There are some days or stages in our lives when adversity slams into us at every turn. Every person we come in contact with seems to exist simply to argue and disagree with our perspective. Good intentions are met by bizarre reactions. Words are taken out of context and used for evil intent. Small offenses fester until they are blown out of proportion and kind acts are met with grumbling and complaining.
Life is exhausting sometimes, and I know I tend to have a few different reactions:
1. I go on the defense: I sharpen my position, plant my feet, and dig in for the long fight. I argue back.
2. I sweetly try to explain my position, sharing scripture and offering up prayer.

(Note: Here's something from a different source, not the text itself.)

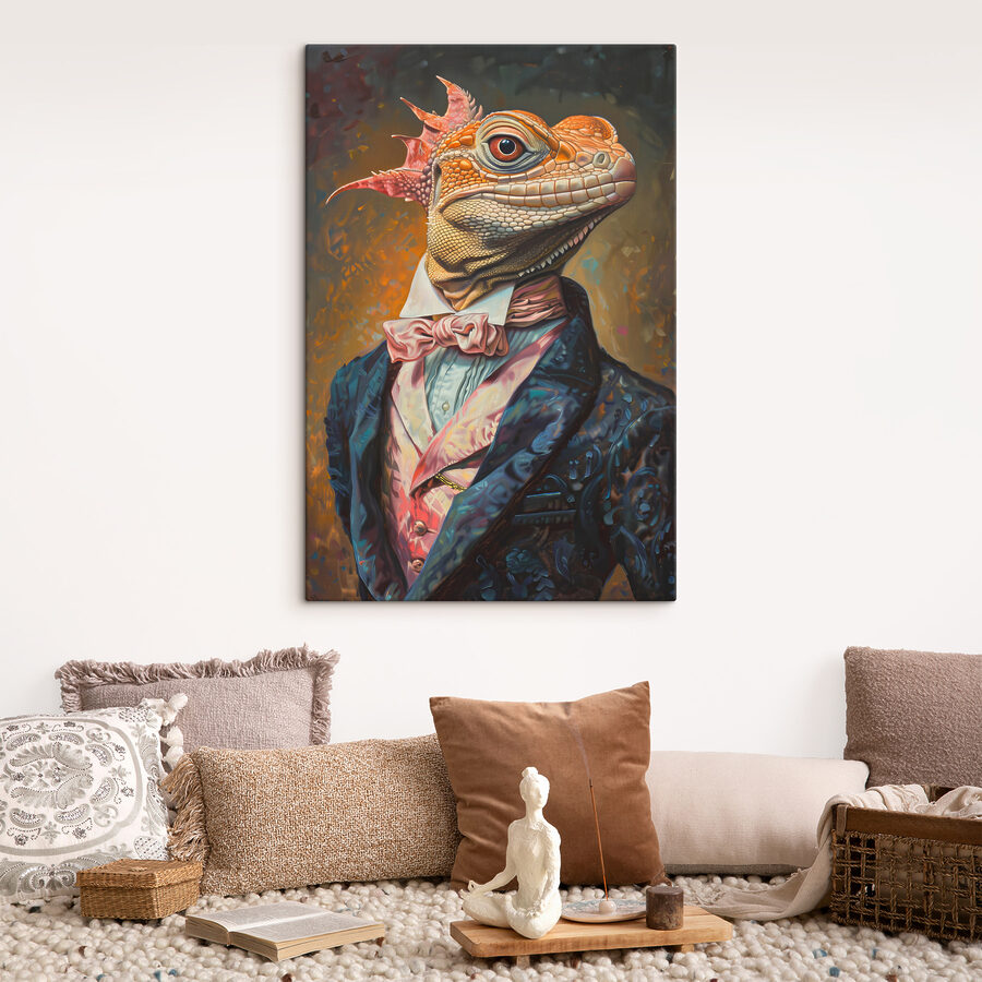 Zastanawiałeś się kiedyś, jak wyglądałaby jaszczurka w eleganckim garniturze? Ten wydruk na płótnie daje odpowiedź na to pytanie w zachwycający sposób. “Dapper Lizard in Elegant Attire” jest idealny dla każdego, kto kocha odrobinę kaprysu w swoim wystroju. Wyobraź sobie ten obraz wiszący na ścianie, który natychmiast stanie się tematem rozmów wśród przyjaciół i rodziny. Szczegóły są oszałamiające – od chrupkości jego koszuli po królewską kolczastość jego herbu. To tak, jakby ten jaszczur wyszedł prosto z wiktoriańskiej powieści! Niezależnie od tego, czy znajduje się w salonie, gabinecie, czy nawet w dziwacznym kącie, ten kawałek doda odrobinę osobowości i chichotu, gdziekolwiek się znajdzie. Świetny prezent dla wyjątkowego miłośnika sztuki!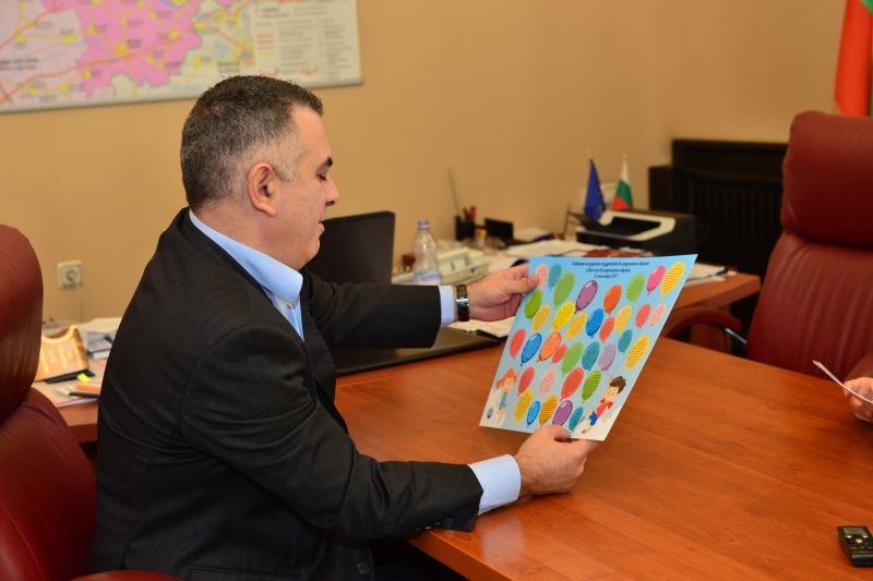Михаела Стефанова, ученичка в ПГ по икономика и Даниела Стоева – от ППМГ „Добри Чинтулов” подариха на кмета на Сливен Стефан Радев пано с послания на децата от всички области в страната, по повод Деня на българската община. Двете ученички са бившия и настоящ титуляри от област Сливен в Съвета на децата към Държавната агенция за закрила на детето /ДАЗД/, с председател Офелия Кънева. „Продължавайте да бъдете все така отговорни и да оправдавате доверието на хората! Нека с общи усилия да правим града все по-желан за туристите!”

3. I walk away because I know that my words are never really heard.
Consider social media. It is so easy to feel incredulous when we open our favorite platform and read untruths and accusations based on assumptions and clouded information. As Christians, we want to take action and defend our faith when it comes under attack. Naturally, we want to provide clarity with the truth of his word, but are shocked when our efforts are met with disdain.
Ephesians 3:7 says "there is a time to keep silent and a time to speak". I’ve heard it said that taking no action is taking action and there is truth to that.
Jude 1:20 says, “But you, beloved, building yourselves up on your most holy faith, praying in the Holy Spirit, keep yourselves in the love of God, looking for the mercy of the Lord Jesus Christ unto eternal life.”
Sometimes our adversaries do not require a response. They simply want to be heard, and our time is best spent in prayer, wrapped up in our Father’s love, calling on the Holy Spirit and looking for the mercy of Christ. Sometimes our best response is prayer.
I once ran into someone with views so opposite mine you could line them up in parallel rows. While we usually avoided the biggie topics, one day they spat out a view so contradictory to the truth that I felt compelled to jump to the defensive. I sharpened my position, planted my feet and dug in for the long fight.
It was a battle with no end as I was met with more responses and attacks on the Word as they were taken out of context and twisted for 'these times.' The person was in no position to hear, and I fear I did more damage than good.
Perhaps my response could have been silence. To simply walk away. At least until I prayed for God to open his heart and to give ears to hear.
And as no one has accused me of too much sweetness, I could have tried #2 a bit differently: I could have simply said, "What you just said was taken out of context. Would you be open to understanding what Jesus had to say about eye for an eye?" This response gives the other person a graceful out (like our Lord gives us all the time) as well as an opportunity to hear the Truth.
Consider the times in your life when you want to immediately jump to the defense or the attack. Ask yourself if there is an opportunity to build your faith among the silence. This week, be knowledgeable and discerning enough to know which difficult situations call for silence and which ones call for speech.
Think about what is coming up in your week. Is there a difficult situation coming that needs God's hand directing you? Is there someone in your family, in your life group, your work who simply needs to be heard and then prayed for? Do you have a friend, spouse, child, sibling, teacher, or coach who needs our prayer? Who is your adversary who refuses to listen? Will you consider this week calling on the Holy Spirit for peace, for quiet, for wisdom in the situation? Your silence, in prayer, could be the most faithful action you can take.
Are you struggling with knowing when to speak and when to remain silent? How can I pray for you?